**Dataset content:**
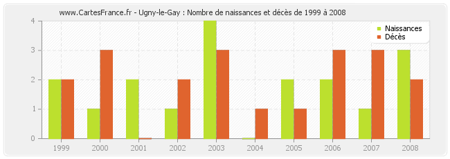 Ugny-le-Gay : naissances et décès de 1999 à 2008
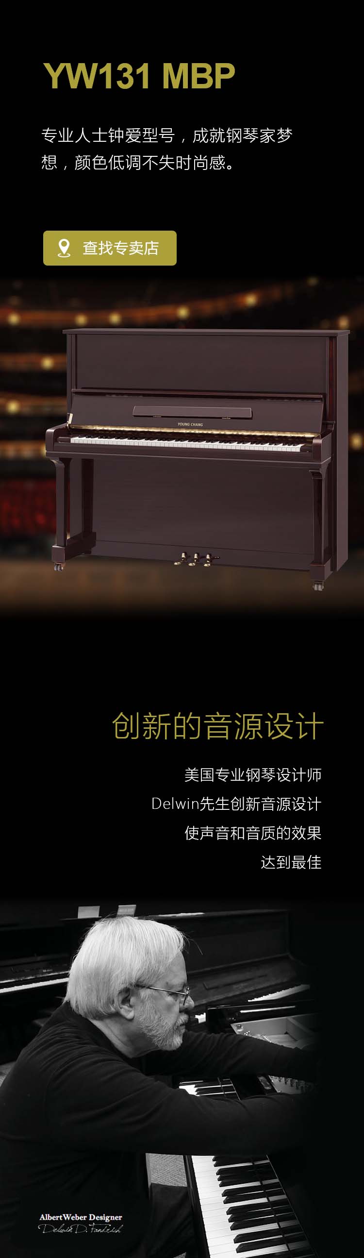 音色试听 最精细的加工工艺 传统典雅的外型 音色圆润和谐且富于变化 音量雄厚、触感灵活、演奏舒适 是一款卓越的大型演奏会使用钢琴 静音 play stop Update Required To play the media you will need to either update your browser to a recent version or update your Flash plugin. 钢琴参数 设计 美国设计师Delwin创新音源设计 音板级别 北美阿拉斯加3A级鱼鳞松实木音板 铁板 真空铸造(V-Process)铁板技术,四方型真空大钢板 钢板涂饰 GOLD 键盘木 A级椴木 黑键 防滑抗菌材质轻松演奏 琴弦 德国勒斯劳琴弦 榔头木 MAPLE 榔头毛质 进口羊毛毡冷压粘接 垫弦轴 中低音部(半孔) 尺 寸 155cm*131cm*60cm 重 量 240kg 颜 色 统一销售价 37500元
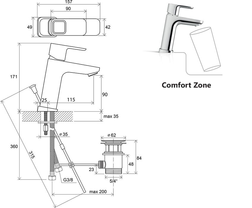 - высота смесителя: 170 мм - удлиненный для большего комфорта

**Try it:** With the pictures removed, return the data above word for word.

**Task solution:**
 Ugny-le-Gay : naissances et décès de 1999 à 2008
 音色试听 最精细的加工工艺 传统典雅的外型 音色圆润和谐且富于变化 音量雄厚、触感灵活、演奏舒适 是一款卓越的大型演奏会使用钢琴 静音 play stop Update Required To play the media you will need to either update your browser to a recent version or update your Flash plugin. 钢琴参数 设计 美国设计师Delwin创新音源设计 音板级别 北美阿拉斯加3A级鱼鳞松实木音板 铁板 真空铸造(V-Process)铁板技术,四方型真空大钢板 钢板涂饰 GOLD 键盘木 A级椴木 黑键 防滑抗菌材质轻松演奏 琴弦 德国勒斯劳琴弦 榔头木 MAPLE 榔头毛质 进口羊毛毡冷压粘接 垫弦轴 中低音部(半孔) 尺 寸 155cm*131cm*60cm 重 量 240kg 颜 色 统一销售价 37500元
 - высота смесителя: 170 мм - удлиненный для большего комфорта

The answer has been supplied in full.